Larry Krasner, Philadelphia’s progressive incoming district attorney, intends to shake up the office upon being sworn in on Jan. 2. Krasner has just announced his transition team, which includes current and former politicians, as well as members of the legal and business communities.
The transition was already evident at Krasner’s Center City office Thursday, where boxes were stacked along the walls, and where NewsWorks Tonight’s Dave Heller spoke with him about his plans as the city’s top prosecutor. Click the play button above to listen to their conversation.
On how Krasner assembled his transition team:
“My goal is to assemble a group of people that have been incredibly effective and who don’t necessarily agree with me … There are business people here. There are people from elected office. We have one of the icons of progressive prosecution from the 1980s on this list in Elizabeth Holtzman. We have an ex-police commissioner in Sylvester Johnson. We have someone who was the president of Women Organized Against Rape and someone else who has been a leader in the victims’ rights community.”
On some Philly officers’ use of the #notmyDA hashtag and Krasner’s tense relationship with the city’s police union:
“Well, the nice thing about the internet is you can get one person to start a hashtag. I think that’s what happened there … To the extent they have a difference of opinion, they’re entitled to that. This is a democracy. I’m a huge defender of free speech and, even though I was discouraged by the head of the FOP [Fraternal Order of Police] from going to speak to his membership, I did that … So the message I have for them is I respect hard-working, competent and honest law enforcement, and I respect them so much that I’m going to elevate them, and I’m going to push out of the way corrupt and brutal police officers who, frankly, have stood in their way, have taken their promotions, have taken their compensation by being the kids in the class who cheat.”

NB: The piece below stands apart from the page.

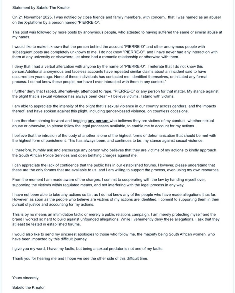 Content creator Sabelo the Kreator has broken his silence after a whirlwind of rape allegations were thrown at him on the 21st of November 2025 on X. Following an emotional weekend in which the country turned black and purple as women nationwide protested against the scourge of Gender-Based Violence, Sabelo distributed a statement on his social media accounts, clarifying his stance while denying the accusations levelled against him.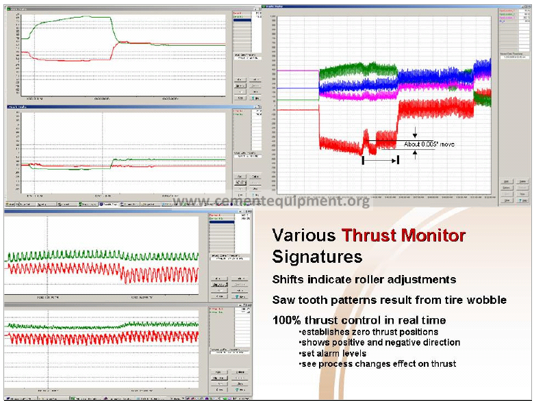 The illustration, upper right, shows the thrust monitor straight lines, indicating no rotation, coming in from the left. Since all the sensors were made active on one screen for easy comparison they were “zeroed” with an offset so that one did not hide the others. As soon as rotation commenced only the “blue” roller remained at zero thrust indicating it was neutrally skewed. Both the red and pink rollers dropped down from their “zero” position indicating they are skewed to push the drum downhill. This is obviously an unwanted situation. The green roller’s thrust went positive (higher than its zero set point) indicating it is the only one pushing the drum uphill.

On how Krasner plans to change the culture at the DA’s office:
“To me this is very analogous to tuning a car … If you’re going to go racing, then you gotta tune the car first and then you can go achieve some things. We need to go into that office, and we need to make sure we have a core of leadership who share this vision — are incredibly hard-working and competent — and then we need to make sure that the policies are clear so that we can move forward. If you don’t change that culture by education, by having the right kind of leadership in place, by reorganizing that office properly … we will not see the change that the voters require — and they require it.”
On how he’d handle cases of repeat violent offenders who might be dangers to society:
“This is the core of the matter, that 6 percent of criminals commit 60 percent of serious crimes … Because my predecessors all over the country were spending so much time trying to increase the number of arrests and increase the number of convictions and giving them the maximum amount of time, their efforts were diluted, and they weren’t focusing on the people they needed to go after. They were using a one-size-fits-all approach when one size absolutely does not fit all. In this core group, you have to be very aggressive about making sure that the public are safe by appropriately lengthy periods of incarceration.”